Regulates Blood Sugar

If you are one of the millions of Americans suffering from type 2 diabetes, you need to start eating lentils. Legumes high in soluble fiber like lentils help stabilize blood sugar by lowering plasma glucose and insulin. Lentils are also low on the glycemic index, which means they digest slowly without causing blood sugar to spike. So eat a cup of lentils (or other legumes) a day to lower hemoglobin A1C levels.

Facilitates Weight Loss

An age-old question for vegetarians is “how do I get full without gorging on starches?” Veggie-heavy cuisines, like Indian, choose lentils to do the trick. A 1 cup serving contains just 230 calories. That same portion also has 63% of your daily fiber and high amount of protein, both of which keep you feeling full for longer. So eat a flavorful dish of lentils if you want to feel full and maintain portion control.

Digestive Aid

Fiber is a non-digestible component of plant food that keeps your digestive system moving.  Doctors suggest your diet consist of 40% high fiber foods to stay regular and avoid constipation. Fiber also keeps toxins moving out of your system and ferments healthy bacteria. As a high fiber food, one serving of lentils will put you in the ideal fiber range.

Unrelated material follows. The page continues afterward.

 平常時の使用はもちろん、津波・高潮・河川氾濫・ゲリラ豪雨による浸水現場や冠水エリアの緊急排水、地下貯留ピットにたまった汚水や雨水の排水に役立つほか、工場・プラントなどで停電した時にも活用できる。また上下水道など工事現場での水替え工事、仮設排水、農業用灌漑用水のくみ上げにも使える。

Lowers Risk of Coronary Heart Disease

High fiber foods are an important weapon in the fight against heart disease. A study in the Archives of Internal Medicine found that adults who ate a high fiber diet had 12% less risk of coronary heart disease and 11% less cardiovascular disease. Lentils also contain high levels of folate and magnesium, both of which improve blood flow through arteries and benefit the heart.

Supports Brain Health

No food contains more folate than lentils, which deliver 90% of your daily requirement in just one serving. That’s a really good thing. Folate is a complex B vitamin that is a key nutrient in human health. Folate deficiency can lead to birth defects and blood disorders. Meanwhile, folate supports production of neurotransmitters that boost nervous system function.

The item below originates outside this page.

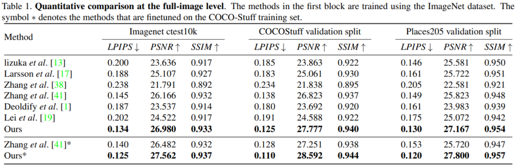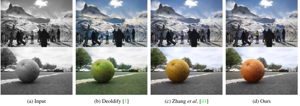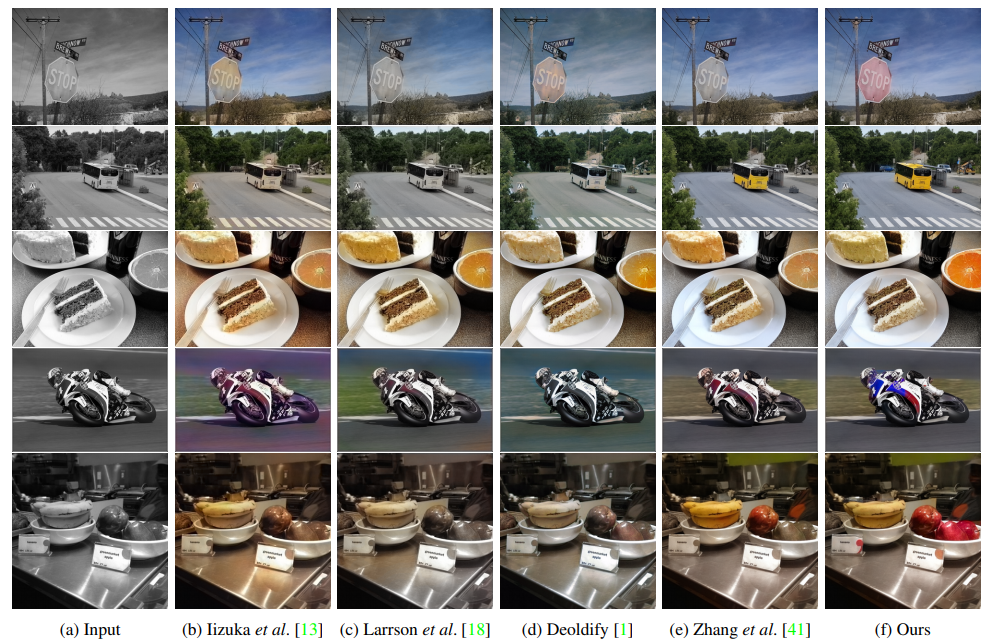 input 영상에 대해서 colorization을 했을 때 다수의 물체 및 특정 background에서는 해당 논문의 기법(제일 우측)을 제외한 다른 방법론들은 물체의 정확한 colorization이 안됨.(특히 2번째 column)

Healthy Cardiovascular System

Folate-rich lentils also deliver great support to your cardiovascular system. Folate acts as a deterrent to homocysteine (Hcy), a non-protein amino acid that is correlated with blood clots, heart attacks and strokes. In recent years a wide array of studies found that folate decreases Hcy levels, leading to a reduced incidence of stroke.

Energy Boost

Lentils pack a 1-2 punch of iron and copper, both of which are essential in energy production. Iron requires copper to mend with red blood cells and prevent anemia. Copper also helps transfer energy from carbs inside of cells. The fiber in copper also gives slow-burning energy that keeps you full and fueled up for longer.

Women’s Health

When you think of iron-rich foods, a big juicy red steak is probably the first thing that comes to mind. While red meat definitely leads the way in iron, lentils don’t lag far behind. They contain nearly 50% of your daily iron requirement. That’s a good thing because iron deficiency is the biggest nutrient-related condition in the world. Women need iron to maintain menstrual health and have healthy pregnancy. Therefore, they require more iron in their diet than men, with pregnant and lactating women requiring as much as 27mg per day.

Attack Free Radicals

Free radicals are uncharged molecules that can start a chain reaction. Therefore, they high levels of free radicals are associated with numerous  diseases. Manganese is a co-factor in the formation of an antioxidant enzyme called manganese superoxide dismutase. This antioxidant is linked to lowered levels of free radicals, decreasing your risk for various cancers.



Rice and lentils are also cooked together in khichdi, a popular dish in the India. Lentil curry is part of the everyday Indian diet, eaten with both rice and roti. Boiled lentils and lentil stock are used to thicken most vegetarian curries. They are also used as stuffing in dal parathas and puri for breakfast or snacks. Lentils are also used in many regional varieties of sweets. Dried lentils can be sprouted by soaking in water for one day and keeping moist for several days, which changes their nutrition profile and reduces undesirable phytic acid.